This is great software for anyone who doesn't mind taking the time to learn a wide range of tools — if you're more interested in a quick and dirty edit, you might want to look elsewhere. The free version is available for download now and subscriptions to Lightworks Pro start at about $25 a month.

See at Lightworks

DaVinci Resolve

DaVinci Resolve is another editing program that has been used on a bunch of Hollywood films, and the user interface is easy to navigate and seems familiar for beginners and pros alike. A powerful trimming tool, multi-cam support, compatibility with a wide array of film formats, and the ability to upload straight to the web make this a great choice no matter your intentions.

OpenFX plug-in compatibility gives you the ability to add a ton of third-party tools, and you can create a render queue that outputs your finished project in multiple formats, great if you want a sample copy and a master copy of your work.

The free version of DaVinci Resolve has almost all of the same features as the paid version — you won't be able to export in 4K in the free version and you won't find some of the more advanced tools, but definitely give the free version a try first, as the paid version costs about $1000. If you find you need the extra tools, you can always upgrade.

Grab this video editing software if you're not afraid of taking the time to figure out the tools of the trade. It won't take as long to master as some of the other professional-grade programs, but there's still a learning curve.

See at Black Magic Design

Adobe Premiere Pro

Adobe Premiere Pro is subscription-based software that could be just the thing you're looking for. Its CreativeSync feature connects all of your work and files across your desktop and all of your mobile devices, so you can literally take your show on the road.

This software is loaded with tutorials; everything from creating a YouTube video to creating a feature-length film from your family memories. Tools within the app fix shaky footage, adjust colors and thread together media from a variety of sources on a user-friendly interface. The extended version of the app includes over 55 million royalty-free videos, graphics, and images courtesy of Adobe Stock's library.

The app can be purchased on its own or as part of the Creative Cloud with over 20 additional apps included; alone, you're looking at around the $20-per-month mark (opens in new tab) if you subscribe for a year, and about $30 (opens in new tab) if you only want one month.

See at Amazon (opens in new tab)

If you've been out shooting 3D video for VR, PowerDirector 15 Ultimate is probably the software you want to go with. It has an insane number of tools at your disposal, including 3D and 4K editing, yet it won't bog down your system — PCMag calls it the "fastest and most capable consumer-level video editing software for Windows around".

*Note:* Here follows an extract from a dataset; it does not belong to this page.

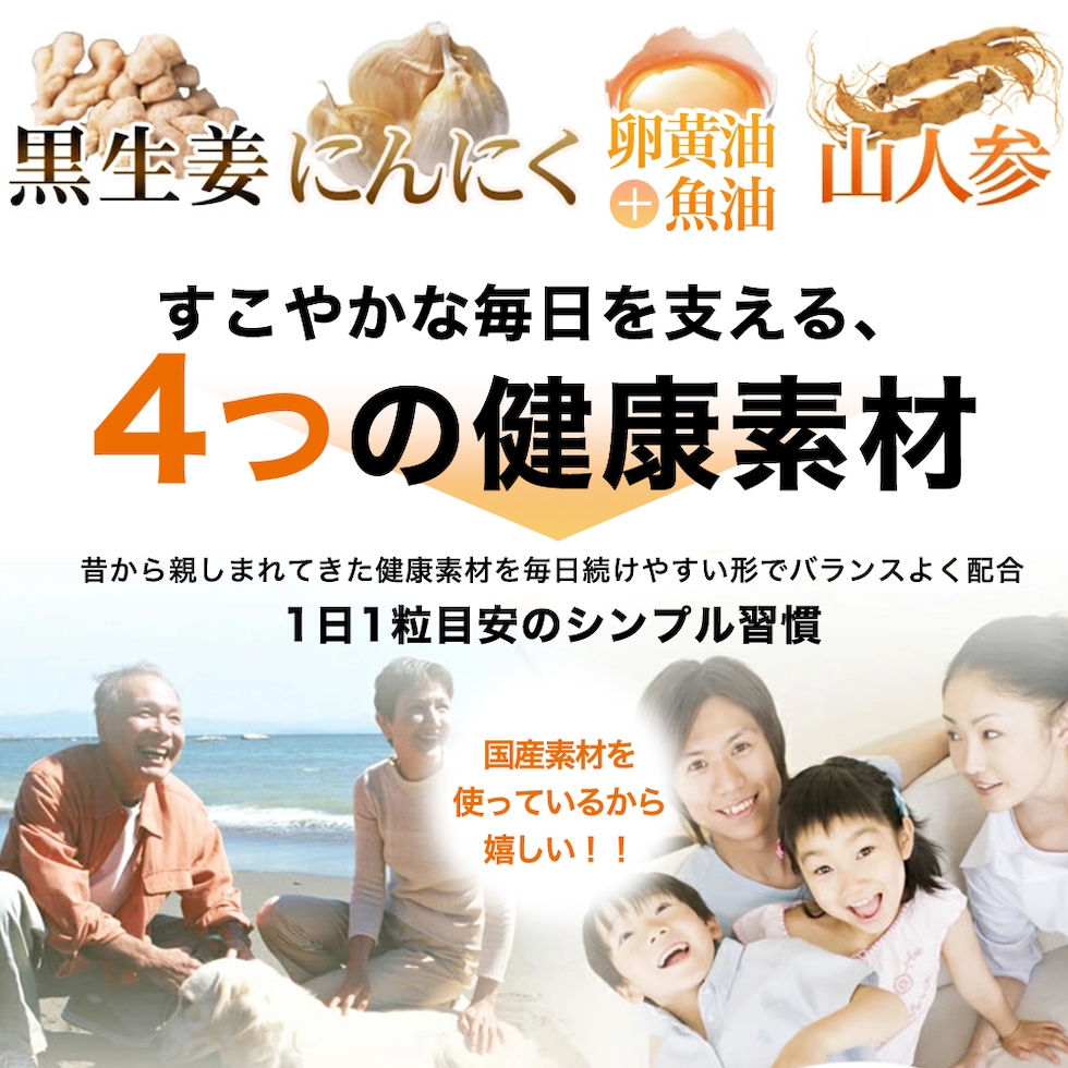 | 原材料 | DHA・EPA含有魚油、無臭ニンニクエキス末、日本山人参末、黒ショウガ末、卵黄油、ゼラチン、グリセリン、グリセリン脂肪酸エステル、ミツロウ |

The user interface is easy to navigate and has all your most-used tools on display, and there are a bunch of templates you can use for quick creations. There are also plenty of special effects and transitions built right in, making it easy to create pro-grade projects.

Toss in image-stabilization and multi-camera support, and you have a powerful program that works with your VR video. It starts at about $60 (opens in new tab).

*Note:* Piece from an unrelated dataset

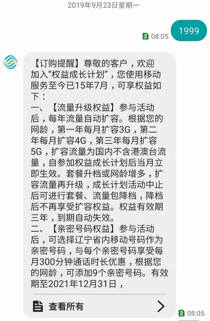 擦,我的信息咋还不符了呢?还有网龄回馈流量扩容又是什么鬼?往前翻记录,大概想起来是怎么回事了, 大概8、9月份大家都在传发送1999
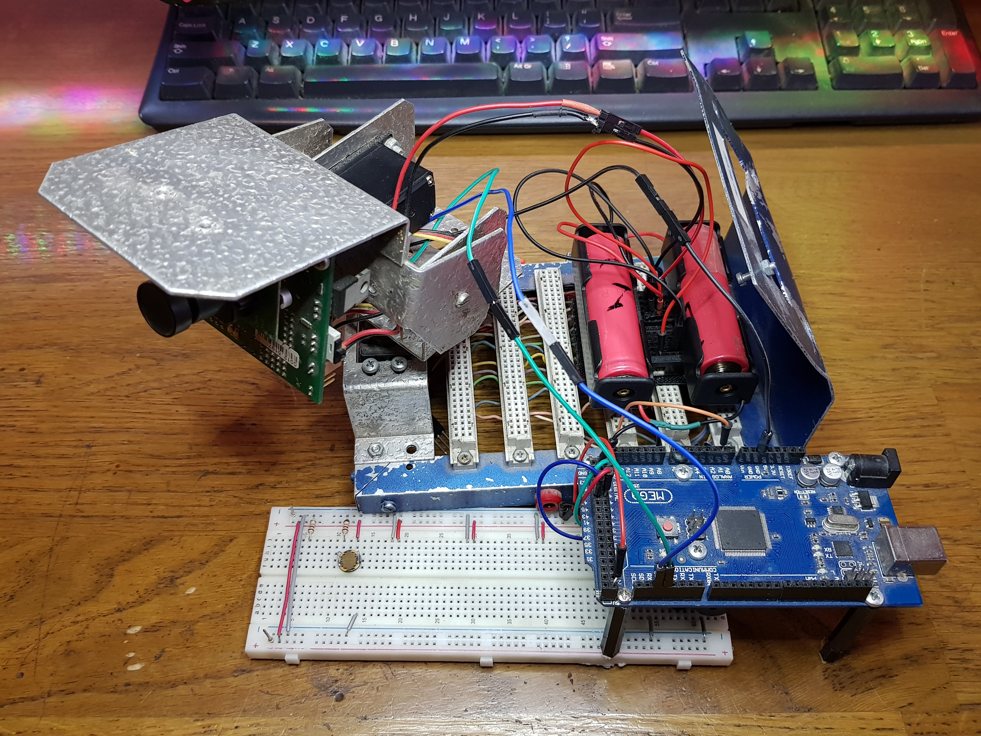 It is an ongoing project (homepage) and has produced 5 versions up till 2016. CMUcam2 is out of production for a while now but a lot of interesting material is available yet. A CMU cam is usually mounted on a pan & tilt module because the CMU board supplied with the cam has some interesting features. The cam is mounted as a shield that fits on the CMU board. The cam shield is a C3088 (datasheet) which uses an OV6620 (datasheet) sensor. This color sensor has a maximum resolution of 356x 292 pixels. The CMUcam2 has an extensive user guide.

See at Amazon (opens in new tab)

Vegas Pro 14

There's no way around it — Vegas Pro is on the pricier side at about $450 (opens in new tab), but is great if you loathe subscription-based services. It is also adored by many video editors, both professional and amateur.

The same user-friendly interface Vegas Pro is known for is found here in the most recent version, making it easy to implement its wide array of advanced tools, plus you have access to plenty of third-party plugins thanks to OpenFX integration.

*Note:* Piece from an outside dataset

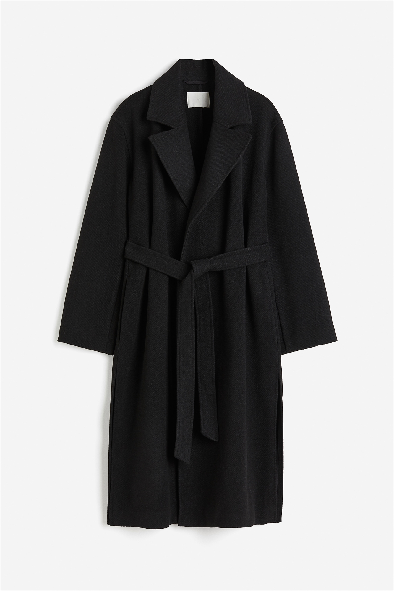 Пальто из ткани длиной до колен с отложным воротником и широким съемным поясом-завязкой на талии. Слегка спущенные плечи и незаметные карманы в боковых швах. Прямой подол с боковыми разрезами. Без подкладки.

Work on up to 4K video in a wide array of formats, use one of hundreds of built-in filters and effects and take advantage or powerful image stabilization when working with footage from action cams.

Vegas Pro 14 is great for anyone already serious about or who plans on getting serious about video editing and needs software that can keep up with increasing demands.

See at Amazon (opens in new tab)


Shotcut is a free program that comes full of powerful tools for editing your video. The only problem is that the user interface can be a little confusing for new users — not everything is immediately apparent and starting a new project can seem a little jarring. If you put in the time and get used to where your tools reside, you'll be more than pleased with how your finished videos turn out.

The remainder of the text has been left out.